Ilya Maximets Sept. 25, 2023, 8:58 p.m. UTC | #7
On 9/25/23 17:38, Stefan Hajnoczi wrote:
> On Mon, 25 Sept 2023 at 11:36, Ilya Maximets <i.maximets@ovn.org> wrote:
>>
>> On 9/25/23 17:12, Stefan Hajnoczi wrote:
>>> On Mon, 25 Sept 2023 at 11:02, Ilya Maximets <i.maximets@ovn.org> wrote:
>>>>
>>>> On 9/25/23 16:23, Stefan Hajnoczi wrote:
>>>>> On Fri, 25 Aug 2023 at 13:04, Ilya Maximets <i.maximets@ovn.org> wrote:
>>>>>>
>>>>>> We do not need the most up to date number of heads, we only want to
>>>>>> know if there is at least one.
>>>>>>
>>>>>> Use shadow variable as long as it is not equal to the last available
>>>>>> index checked.  This avoids expensive qatomic dereference of the
>>>>>> RCU-protected memory region cache as well as the memory access itself
>>>>>> and the subsequent memory barrier.
>>>>>>
>>>>>> The change improves performance of the af-xdp network backend by 2-3%.
>>>>>>
>>>>>> Signed-off-by: Ilya Maximets <i.maximets@ovn.org>
>>>>>> ---
>>>>>>  hw/virtio/virtio.c | 10 +++++++++-
>>>>>>  1 file changed, 9 insertions(+), 1 deletion(-)
>>>>>>
>>>>>> diff --git a/hw/virtio/virtio.c b/hw/virtio/virtio.c
>>>>>> index 309038fd46..04bf7cc977 100644
>>>>>> --- a/hw/virtio/virtio.c
>>>>>> +++ b/hw/virtio/virtio.c
>>>>>> @@ -999,7 +999,15 @@ void virtqueue_push(VirtQueue *vq, const VirtQueueElement *elem,
>>>>>>  /* Called within rcu_read_lock().  */
>>>>>>  static int virtqueue_num_heads(VirtQueue *vq, unsigned int idx)
>>>>>>  {
>>>>>> -    uint16_t num_heads = vring_avail_idx(vq) - idx;
>>>>>> +    uint16_t num_heads;
>>>>>> +
>>>>>> +    if (vq->shadow_avail_idx != idx) {
>>>>>> +        num_heads = vq->shadow_avail_idx - idx;
>>>>>> +
>>>>>> +        return num_heads;
>>>>>
>>>>> This still needs to check num_heads > vq->vring.num and return -EINVAL
>>>>> as is done below.
>>>>
>>>> Hmm, yeas, you're right.  If the value was incorrect initially, the shadow
>>>> will be incorrect.  However, I think we should just not return here in this
>>>> case and let vring_avail_idx() to grab an actual new value below.  Otherwise
>>>> we may never break out of this error.
>>>>
>>>> Does that make sense?
>>>
>>> No, because virtio_error() marks the device as broken. The device
>>> requires a reset in order to function again. Fetching
>>> vring_avail_idx() again won't help.
>>
>> OK, I see.  In this case we're talking about situation where
>> vring_avail_idx() was called in some other place and stored a bad value
>> in the shadow variable, then virtqueue_num_heads() got called.  Right?

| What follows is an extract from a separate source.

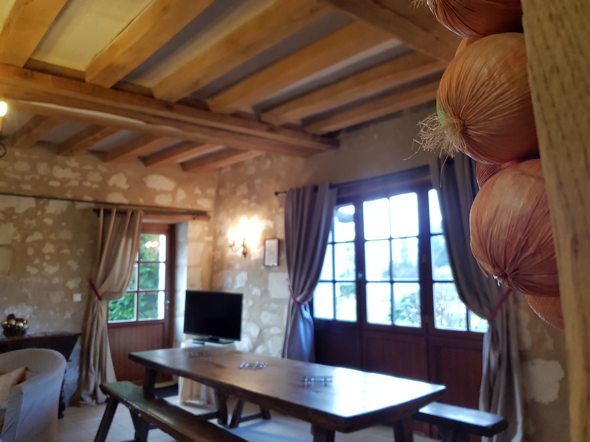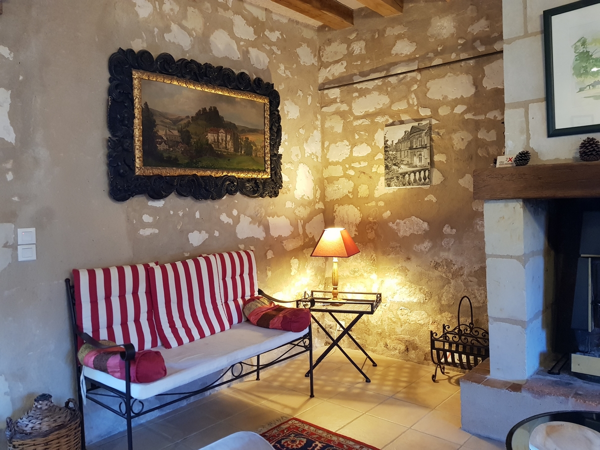 Un vaste séjour de 55 m² occupe une grande partie du Rez-de-chaussée du gîte « Le Pressoir » ****. Cette pièce de vie lumineuse, profite du soleil matinal et offre une belle vue sur le château. Tous les murs sont en tuffeau, conservant bien la fraîcheur en été.

Hmm, I suppose we also need a read barrier after all even if we use
a shadow index.  Assuming the index is correct, but the shadow variable
was updated by a call outside of this function, then we may miss a
barrier and read the descriptor out of order, in theory.  Read barrier
is going to be a compiler barrier on x86, so the performance gain from
this patch should still be mostly there.  I'll test that.

>>
>> AFAIU, we can still just fall through here and let vring_avail_idx()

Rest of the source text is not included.